R Data Science Library Package

R packages are modules that contain R functions and data sets. LightDB-A Database provides a collection of data science-related R libraries that can be used with the LightDB-A Database PL/R language. You can download these libraries in .gppkg format from VMware Tanzu Network.

This chapter contains the following information:

For information about the LightDB-A Database PL/R Language, see LightDB-A PL/R Language Extension.

Parent topic: Installing Optional Extensions (VMware LightDB-A)

R Data Science Libraries

Libraries provided in the R Data Science package include:

abind

adabag

arm

assertthat

backports

BH

bitops

car

caret

caTools

cli

clipr

coda

colorspace

compHclust

crayon

curl

data.table

DBI

Deriv

dichromat

digest

doParallel

dplyr

e1071

ellipsis

fansi

fastICA

fBasics

fGarch

flashClust

foreach

forecast

foreign

fracdiff

gdata

generics

ggplot2

glmnet

glue

gower

gplots

gss

gtable

gtools

hms

hybridHclust

igraph

ipred

iterators

labeling

lattice

lava

lazyeval

lme4

lmtest

lubridate

magrittr

MASS

Matrix

MatrixModels

mcmc

MCMCpack

minqa

ModelMetrics

MTS

munsell

mvtnorm

neuralnet

nloptr

nnet

numDeriv

pbkrtest

pillar

pkgconfig

plogr

plyr

prodlim

purrr

quadprog

quantmod

quantreg

R2jags

R2WinBUGS

R6

randomForest

RColorBrewer

Rcpp

RcppArmadillo

RcppEigen

readr

recipes

reshape2

rjags

rlang

RobustRankAggreg

ROCR

rpart

RPostgreSQL

sandwich

scales

SparseM

SQUAREM

stabledist

stringi

stringr

survival

tibble

tidyr

tidyselect

timeDate

timeSeries

tseries

TTR

urca

utf8

vctrs

viridisLite

withr

xts

zeallot

zoo

Installing the R Data Science Library Package

Before you install the R Data Science Library package, make sure that your LightDB-A Database is running, you have sourced lightdb_a_path.sh, and that the $MASTER_DATA_DIRECTORY and $GPHOME environment variables are set.
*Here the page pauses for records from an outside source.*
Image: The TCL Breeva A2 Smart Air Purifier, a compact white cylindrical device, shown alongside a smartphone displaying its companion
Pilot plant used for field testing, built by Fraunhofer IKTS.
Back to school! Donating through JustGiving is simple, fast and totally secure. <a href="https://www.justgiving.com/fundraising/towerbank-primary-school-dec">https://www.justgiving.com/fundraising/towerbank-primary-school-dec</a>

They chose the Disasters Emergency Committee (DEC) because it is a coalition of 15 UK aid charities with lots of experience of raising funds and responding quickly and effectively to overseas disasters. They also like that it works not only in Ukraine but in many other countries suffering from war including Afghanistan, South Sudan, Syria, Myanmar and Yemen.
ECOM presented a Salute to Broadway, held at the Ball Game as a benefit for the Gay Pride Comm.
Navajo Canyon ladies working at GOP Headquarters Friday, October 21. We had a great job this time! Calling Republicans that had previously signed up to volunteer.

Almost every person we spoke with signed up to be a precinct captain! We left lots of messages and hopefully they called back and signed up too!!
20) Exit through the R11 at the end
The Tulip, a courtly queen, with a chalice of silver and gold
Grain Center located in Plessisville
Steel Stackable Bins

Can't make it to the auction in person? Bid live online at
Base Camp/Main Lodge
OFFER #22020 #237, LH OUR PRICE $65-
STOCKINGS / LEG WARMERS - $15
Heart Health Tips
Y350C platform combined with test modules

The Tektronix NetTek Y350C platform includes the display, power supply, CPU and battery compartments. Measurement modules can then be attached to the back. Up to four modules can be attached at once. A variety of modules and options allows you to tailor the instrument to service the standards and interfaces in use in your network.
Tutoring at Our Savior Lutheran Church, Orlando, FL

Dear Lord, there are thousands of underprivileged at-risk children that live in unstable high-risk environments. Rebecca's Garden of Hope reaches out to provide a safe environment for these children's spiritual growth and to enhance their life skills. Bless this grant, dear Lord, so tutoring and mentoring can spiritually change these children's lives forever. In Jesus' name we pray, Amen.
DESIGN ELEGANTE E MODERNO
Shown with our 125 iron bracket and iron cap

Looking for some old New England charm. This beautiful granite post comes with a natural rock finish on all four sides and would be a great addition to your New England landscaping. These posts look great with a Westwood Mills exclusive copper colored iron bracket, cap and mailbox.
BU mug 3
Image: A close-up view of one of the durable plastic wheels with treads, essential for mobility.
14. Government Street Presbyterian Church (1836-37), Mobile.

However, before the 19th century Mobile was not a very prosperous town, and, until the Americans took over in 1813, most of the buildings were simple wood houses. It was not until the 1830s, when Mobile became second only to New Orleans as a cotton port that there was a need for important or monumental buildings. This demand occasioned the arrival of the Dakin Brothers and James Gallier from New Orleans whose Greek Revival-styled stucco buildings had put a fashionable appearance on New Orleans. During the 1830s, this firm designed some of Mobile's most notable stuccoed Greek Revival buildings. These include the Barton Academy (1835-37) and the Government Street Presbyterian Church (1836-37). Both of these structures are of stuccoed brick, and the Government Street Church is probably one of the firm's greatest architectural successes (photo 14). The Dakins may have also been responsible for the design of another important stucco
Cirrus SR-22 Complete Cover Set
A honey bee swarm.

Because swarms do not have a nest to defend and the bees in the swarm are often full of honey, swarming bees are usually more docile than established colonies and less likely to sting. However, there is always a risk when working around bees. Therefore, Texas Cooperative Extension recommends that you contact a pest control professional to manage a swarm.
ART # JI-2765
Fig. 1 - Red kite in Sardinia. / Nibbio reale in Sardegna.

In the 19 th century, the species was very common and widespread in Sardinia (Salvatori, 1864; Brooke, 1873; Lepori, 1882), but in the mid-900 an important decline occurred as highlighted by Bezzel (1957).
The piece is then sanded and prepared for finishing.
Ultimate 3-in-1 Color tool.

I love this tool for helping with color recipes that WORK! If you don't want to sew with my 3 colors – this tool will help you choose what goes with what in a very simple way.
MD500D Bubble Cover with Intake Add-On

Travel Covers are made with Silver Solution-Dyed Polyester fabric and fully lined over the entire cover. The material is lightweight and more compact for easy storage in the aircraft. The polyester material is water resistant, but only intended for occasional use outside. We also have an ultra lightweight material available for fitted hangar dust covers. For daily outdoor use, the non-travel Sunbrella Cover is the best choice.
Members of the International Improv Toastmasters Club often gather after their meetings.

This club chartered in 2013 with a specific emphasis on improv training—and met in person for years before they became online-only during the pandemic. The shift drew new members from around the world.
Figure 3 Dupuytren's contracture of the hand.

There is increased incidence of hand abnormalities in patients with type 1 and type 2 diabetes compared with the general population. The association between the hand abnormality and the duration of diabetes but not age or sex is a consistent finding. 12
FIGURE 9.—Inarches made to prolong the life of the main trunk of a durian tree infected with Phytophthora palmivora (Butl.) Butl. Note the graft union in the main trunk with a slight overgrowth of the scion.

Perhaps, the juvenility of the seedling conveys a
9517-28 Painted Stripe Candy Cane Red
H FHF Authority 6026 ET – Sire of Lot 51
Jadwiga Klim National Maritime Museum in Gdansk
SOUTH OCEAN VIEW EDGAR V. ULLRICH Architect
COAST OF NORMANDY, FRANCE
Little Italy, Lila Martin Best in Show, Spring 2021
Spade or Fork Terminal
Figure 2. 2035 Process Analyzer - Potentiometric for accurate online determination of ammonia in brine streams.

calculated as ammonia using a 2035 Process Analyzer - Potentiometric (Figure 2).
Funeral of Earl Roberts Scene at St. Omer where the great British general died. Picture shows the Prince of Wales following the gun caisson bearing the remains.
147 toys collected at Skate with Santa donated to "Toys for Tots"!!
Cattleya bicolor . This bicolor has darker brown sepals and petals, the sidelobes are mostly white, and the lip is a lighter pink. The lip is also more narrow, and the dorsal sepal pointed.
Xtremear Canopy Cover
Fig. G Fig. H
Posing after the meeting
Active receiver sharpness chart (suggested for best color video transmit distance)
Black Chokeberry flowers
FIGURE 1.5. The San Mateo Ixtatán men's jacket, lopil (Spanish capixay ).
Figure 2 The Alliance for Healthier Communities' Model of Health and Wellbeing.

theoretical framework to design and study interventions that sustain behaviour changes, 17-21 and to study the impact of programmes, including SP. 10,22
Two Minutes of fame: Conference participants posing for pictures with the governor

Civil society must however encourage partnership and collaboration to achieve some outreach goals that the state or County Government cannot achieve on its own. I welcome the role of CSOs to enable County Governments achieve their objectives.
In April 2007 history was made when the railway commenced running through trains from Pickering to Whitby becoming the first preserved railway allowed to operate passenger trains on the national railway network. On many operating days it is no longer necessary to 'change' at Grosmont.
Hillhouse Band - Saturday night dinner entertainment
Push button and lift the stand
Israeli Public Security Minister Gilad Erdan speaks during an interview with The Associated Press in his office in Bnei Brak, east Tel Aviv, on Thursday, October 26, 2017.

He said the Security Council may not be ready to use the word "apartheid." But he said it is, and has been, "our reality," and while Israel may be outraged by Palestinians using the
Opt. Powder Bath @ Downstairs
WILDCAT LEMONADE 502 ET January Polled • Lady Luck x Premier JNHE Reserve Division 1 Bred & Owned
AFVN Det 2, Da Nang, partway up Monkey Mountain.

  1. Locate the R Data Science library package that you built or downloaded.

    The file name format of the package is DataScienceR-<version>-relhel<N>_x86_64.gppkg.

  2. Copy the package to the LightDB-A Database coordinator host.

  3. Follow the instructions in Verifying the LightDB-A Database Software Download to verify the integrity of the LightDB-A Procedural Languages R Data Science Package software.

  4. Use the gppkg command to install the package. For example:

    $ gppkg -i DataScienceR-<version>-relhel<N>_x86_64.gppkg
    

    gppkg installs the R Data Science libraries on all nodes in your LightDB-A Database cluster. The command also sets the R_LIBS_USER environment variable and updates the PATH and LD_LIBRARY_PATH environment variables in your lightdb_a_path.sh file.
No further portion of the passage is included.